# DIRECTIONS FOR THIS TASK
Exclude pictures and give again exactly the lines of the listing, beginning with its first line and ending with the one that contains "Árad a fény, hatalmas".
[Opening GIVEN MATERIAL section]
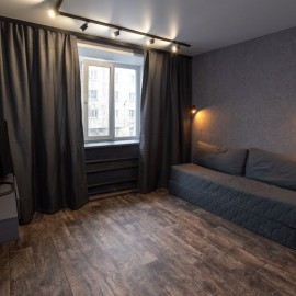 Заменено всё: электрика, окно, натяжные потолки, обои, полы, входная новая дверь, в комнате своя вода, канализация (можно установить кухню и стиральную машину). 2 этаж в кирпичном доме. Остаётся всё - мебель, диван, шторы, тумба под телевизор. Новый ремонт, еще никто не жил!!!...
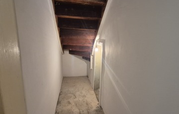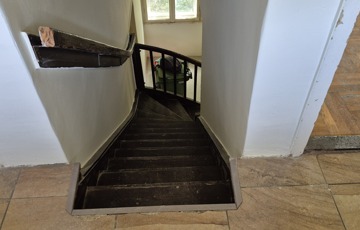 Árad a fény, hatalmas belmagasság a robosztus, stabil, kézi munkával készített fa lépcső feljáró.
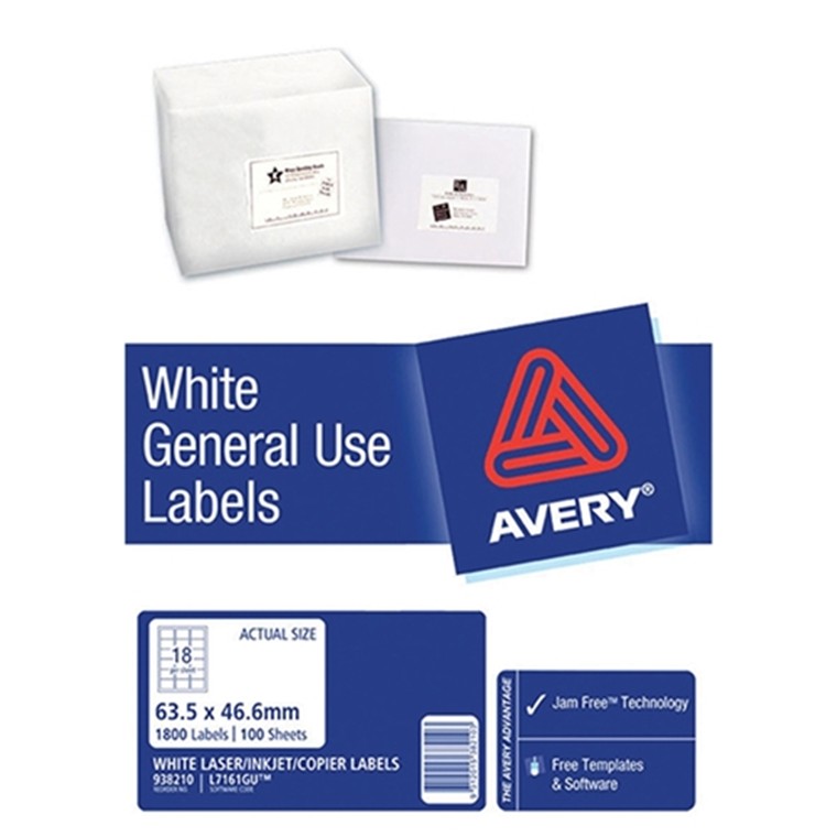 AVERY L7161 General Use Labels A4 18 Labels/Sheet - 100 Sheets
[Closing GIVEN MATERIAL section]
# TASK OUTPUT
 Заменено всё: электрика, окно, натяжные потолки, обои, полы, входная новая дверь, в комнате своя вода, канализация (можно установить кухню и стиральную машину). 2 этаж в кирпичном доме. Остаётся всё - мебель, диван, шторы, тумба под телевизор. Новый ремонт, еще никто не жил!!!...
 Árad a fény, hatalmas belmagasság a robosztus, stabil, kézi munkával készített fa lépcső feljáró.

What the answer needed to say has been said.